I want to be like Sproul was on his deathbed. He knew he was going to die and he knew that he would meet Jesus and according to what I've heard, he wasn't afraid anymore of death. I want to be like that. I want my last words to be meaningful like his were and give my wife some closure because odds are, I don't have much more time left in this world. I don't take care of myself, I weigh over 400 pounds, and I'm definitely at high risk of getting deadly blood clots again and I don't think God would save my life every single time. From the very moment I was born into this world God has saved my life. I was born blue (not breathing) for several minutes. Back in the 80s they didn't have the technology they do today to save a baby not breathing. They thought i wouldn't survive but they luckily got me breathing again. I suffered brain damage but, I'm alive (again, duh or I wouldn't be talking lol).
When I was about two years old I swallowed a penny and nearly suffocated to death. Had my sister not screamed and my mom not known what to do to get the penny out of my windpipe I wouldn't be talking to you today. God has saved my life probably countless times and more times than even I remember. But eventually my luck is going to run out a and it will be time. Probably sometime sooner than I expect.

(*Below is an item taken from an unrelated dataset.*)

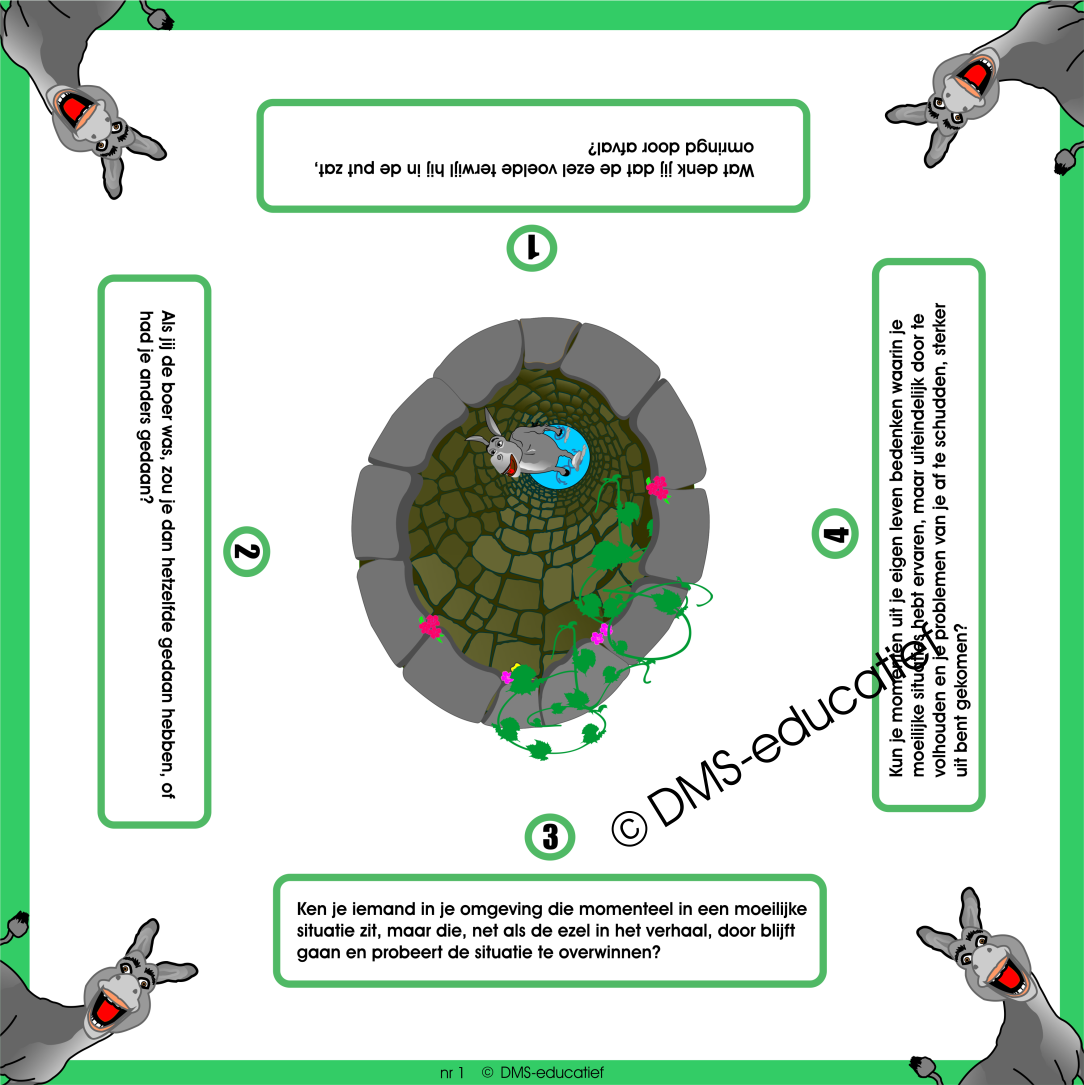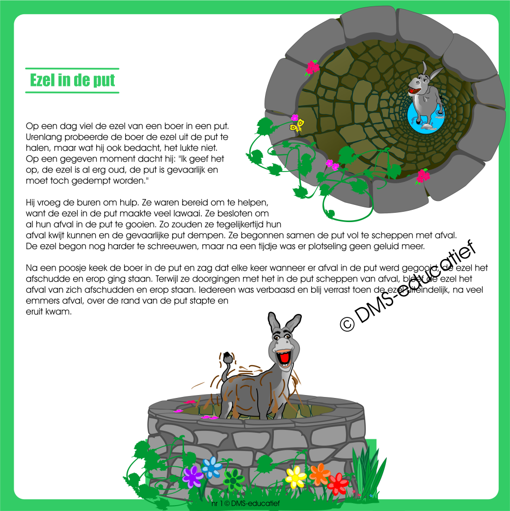 Een boer zijn ezel valt in een put, en ondanks urenlang proberen, lukt het de boer niet om het dier eruit te krijgen. De boer besluit de put te dempen door afval erin te gooien. Terwijl de ezel het afval afschudt en erop gaat staan, komt hij uiteindelijk, na veel afval, uit de put. Het verhaal en de vragen zetten de leerlingen aan het denken en praten over doorzettingsvermogen, omgaan met tegenslag, en zelfredzaamheid.

I don't want my wife to miss me. I mean, she obviously is going to be sad if she was ever at my deathbed. But I want her to be encouraged that, I'm going to a fantastic and wonderful place. And one day, we will see each other again. I don't want to be afraid anymore and I don't want to have to be on my actual deathbed to actually stop being afraid. I know it's completely normal to be afraid of death but, I don't want to be afraid of it. Odds are I'm going to suffer and odds are I'm going to spend the entire time thanking God even until my last words on this earth.
Dunno what I'm trying to ask. Just, how do I get over this I guess? I don't want to be normal I want to be fearless and face my death like every other devoted child of God. Without fear and being glad that the suffering is finally going to stop. Dunno... probably just being a baby.